Douglas Allen featured speaker for April 26 Biochemistry and Molecular Biophysics Seminar

Submitted by Biochemistry and Molecular Biophysics

Douglas Allen, research computational biologist for the U.S. Department of Agriculture's Agriculture Research Service and associate member and principle investigator for Donald Danforth Plant Science Center, will be featured as the next speaker in the Biochemistry and Molecular Biophysics Seminar Series. He will present "Applications of transient isotopic labeling to assess metabolic fluxes of primary metabolism in plant tissues" at 4 p.m. Thursday, April 26, in 13 Leasure Hall.

Allen received his doctorate in engineering from Purdue University. He has worked for Archer Daniels Midland Company and the Great Lakes Bioenergy Research Center at Michigan State University before taking his position at Danforth Center.

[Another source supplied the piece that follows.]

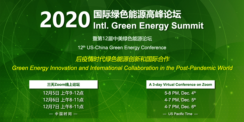 The US-China Green Energy Council is excited to announce the 2020 International Green Energy Summit will be held virtually on Zoom on Dec. 4th – 6th, 2020 (US time). It is free and open to all, but registration is required. Please see the complete Summit Program.

Presentation abstract: Improving plant composition and yield through metabolic engineering is an important goal to meet future food and other renewable resource demands. At the heart of plant productivity is the balance of carbon assimilation through photosynthetic activity and its partitioning including steps that respire carbon as well those that produce protein, oil, carbohydrates or other compounds. Measuring dynamic plant activity such as the fluxes through cellular metabolism requires isotopic tracers that can assess atom transitions without disturbing pathway operation. The choice of isotope substrates is constrained to those that are endogenous sources for the tissue under study which can greatly limit the experiment, for example, in autotrophic tissues CO2, is the primary source of carbon. Analogously other pathways in metabolism are either linear (e.g. some secondary metabolite pathways) or primarily use a single source of carbon for biosynthesis (e.g. acetyl-CoA for lipids).

Flux analysis in plants has been limited to central metabolism in tissues the exhibit long metabolic steady states including studies in seeds and cells. Thus the constraints of biological operation have hindered what could be accomplished by computational flux analysis however recent applications of nonstationary MFA utilize transient isotopic labeling and can therefore involve much shorter time frames that are less limited by choice of tracer. Here, plant-based labeling studies aimed at deciphering metabolic operation in multiple tissues will be described. Such studies suggest what may be possible through new modeling tools, strategies with isotopic labeling, mass spectrometry and MFA that are being developed to better elucidate biochemical network operation and plant function.